Scraps of veggies get thrown into a container in the freezer until I feel like I have enough to make some veggie stock. Once I strain the stock, the remains get thrown either to the hens or to the compost heap.
I find that if I choose one or two new food items each year to learn about, then I am not overwhelmed with developing new skills. For example, we eat some sort of food in tortillas once or twice a week. I used to buy flour or corn tortillas in those bags. They're fairly cheap - maybe $2-$4 a bag? But I can also buy the masa reasonably cheap, and make my own. Not hard at all, as it turns out. I use a cast iron tortilla press and make enough for the meal. That way I don't find a bag of old tortillas at the back of the fridge. Yes, it adds about 15-20 minutes to my lunch or dinner plans, but it is not hard at all once you get it all down. I also make a pumpkin tortilla from puree and flour.
Of course I grow as much food as I am able to in my backyard. This time of year, one of our spare bedrooms has a couple of NSF/metro stainless multi-shelf racks with simple LED shop lights set up, and plant starts everywhere. I grow pretty much everything from seed, and have a couple of heat mats for plants that I rotate seeds on to start. It is fancier than starting on the top of a fridge or radiator, but the concept is the same. A bit of soil, light, heat and you have plant starts. I give away a lot of plant starts to family, friends and neighbors and then if I have any left that I absolutely cannot cram in somewhere, I'll toss them up for free on the local buy nothing group.

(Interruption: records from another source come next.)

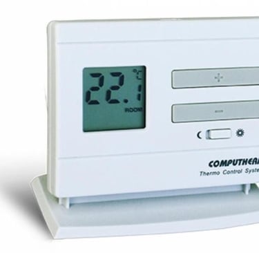 Computherm Q3RF este un termostat de cameră digital, neprogramabil, care comunică prin radiofrecvență (RF) cu un receptor conectat la centrala termică. Astfel, emițătorul (partea mobilă) transmite comanda de pornire/oprire cazanului receptoareului fără să ai nevoie de fire între ele. Este compatibil cu majoritatea centralelor de pe piața românească, indiferent dacă tensiunea de comandă e 24 V sau 230 V.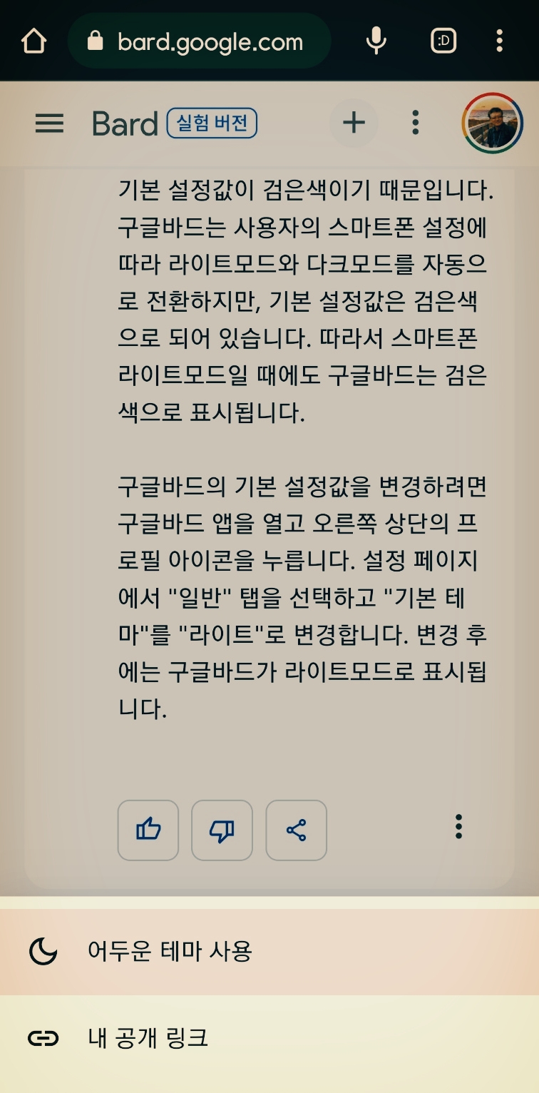 구글 바드를 사용하는데 배경색이 어둡다 하셨습니다. 시스템 설정에서 '라이트' 모드인데도.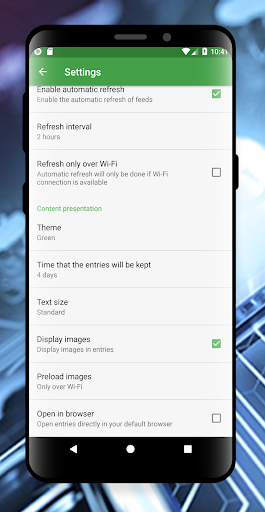 Technology News can be configured to automatically download full article and podcast for offline reading

Again, I have space in my home and my yard. I can afford a dehydrator, a pressure cooker, a pressure canner, etc. I have oodles of canning jars (which I see for cheap all the time at yard sales, goodwill and Facebook marketplace). Growing and preserving food for home use is a bit of a lost art, but it isn't that hard to pick up the skills. It's taken me a fair number of years to get to where I am, but I'm confident that if the grocery chain is broken, we won't starve.